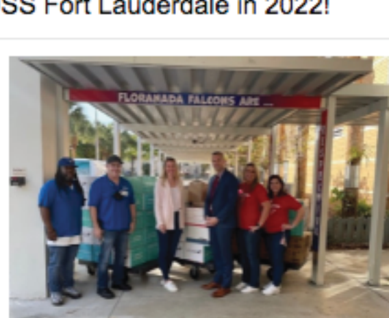
The Broward Education Foundation's mobile delivery team dropped off a special gift for Broward County Public School teachers and counselors at Floranada Elementary School in District 1. Each teacher received a Yoobi box chock full of school and art supplies, including a variety of pens, glue, glue sticks, Lysol wipes and disinfectant spray. 48 boxes, enough for every classroom, were delivered, totaling almost $13,000 in value.
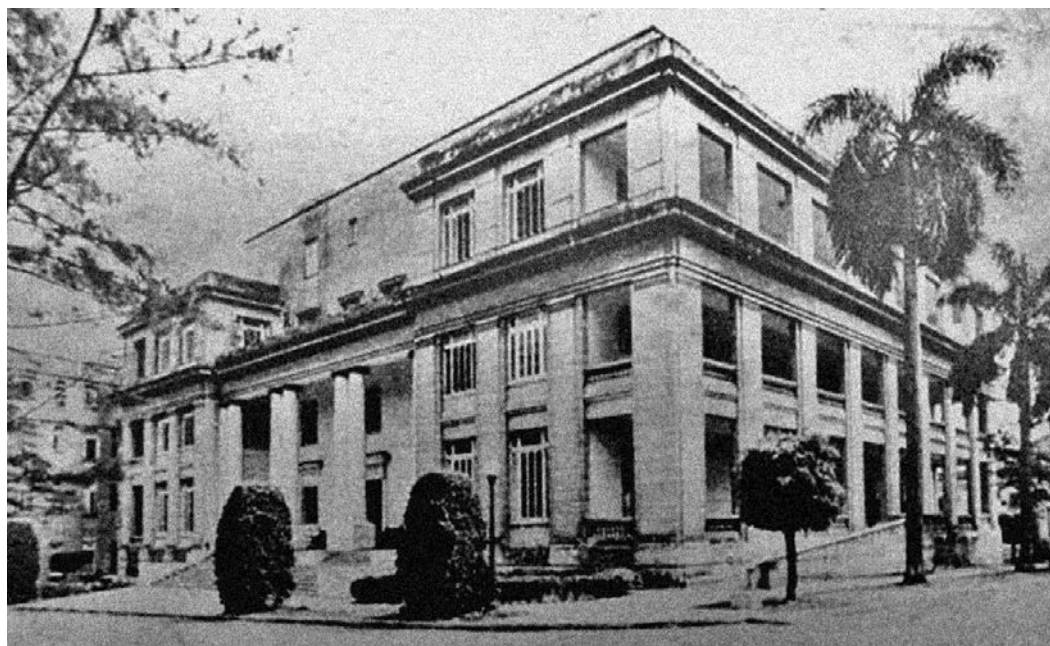
Figura 5: View of the casa de salud La Purísima Concepción of Havana's Asociación de Dependientes del Comercio, unknown date

integralism, or subscribing to anarchism or separatism. The rich merchants opposed the CADC because of the “greater freedom to which those who supported that Association would necessarily aspire” (Lahullier, 2006, p.177), while anarchists criticized the associations for pursuing “social containment” (Casanovas, 1998, p.208).
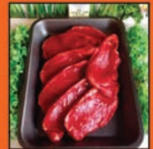
1kg Tray Chinese Pork Steak £9.95

SUMMER IS ON IT'S WAY AND SO IS BBQ SEASON Free delivery to your door! HANDCROSS BUTCHERS LTD QUALITY BRITISH MEATS
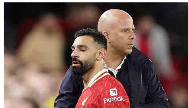
MOHAMED SALAH AND ARNE SLOT

"Someone wants me to get all the blame. The club promised
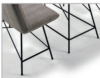
Filigree base frame, metal, powder-coated fine structure in black matt
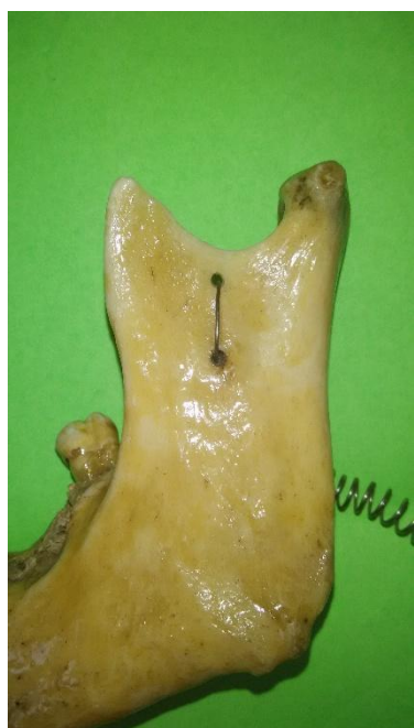
1. Triangular Shaped

and 80 female) coronoid process triangle are recorded in Table – II .
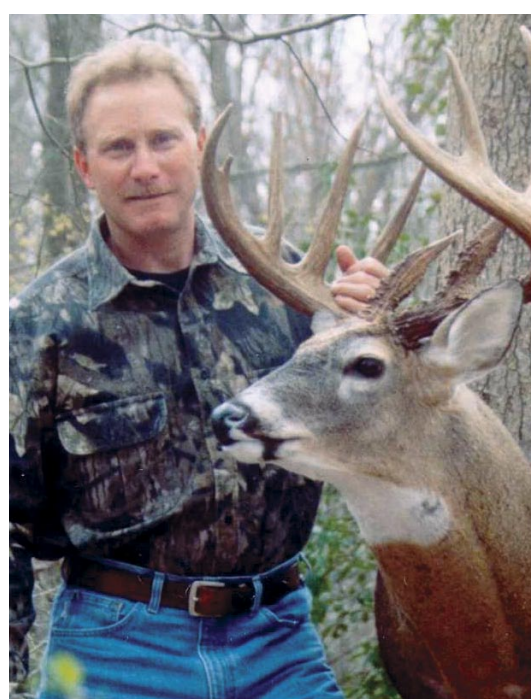
All-time leader for Typical Shotgun Deer (175 7/8) taken in 2004.
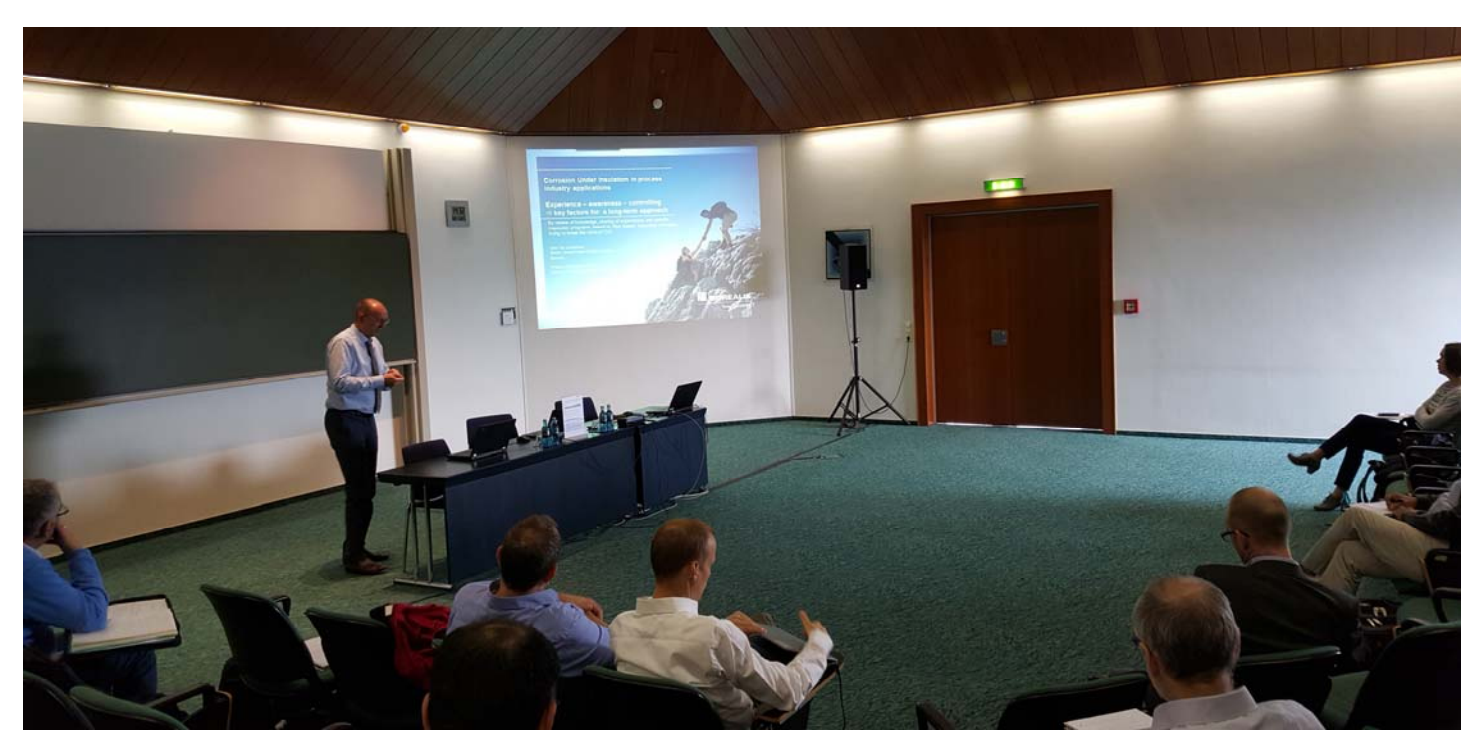
Presentation during the spring meeting of WP15 "Corrosion in the Refinery Industry"

If you wish to have more information on the activities of the group (including all the minutes and presentations of the last meetings) please visit our homepage at <a href="http://www.efcweb.org/WP15.html">http://www.efcweb.org/WP15.html</a>

▶ **AIM OF THE TASK**
Starting at the line containing "and 80 female)" and stopping at the line containing "Presentation during the", output each line exactly as it appears above. Leave out the pictures.

▶ **RESULT FOR THIS EXERCISE**
and 80 female) coronoid process triangle are recorded in Table – II .
All-time leader for Typical Shotgun Deer (175 7/8) taken in 2004.
Presentation during the spring meeting of WP15 "Corrosion in the Refinery Industry"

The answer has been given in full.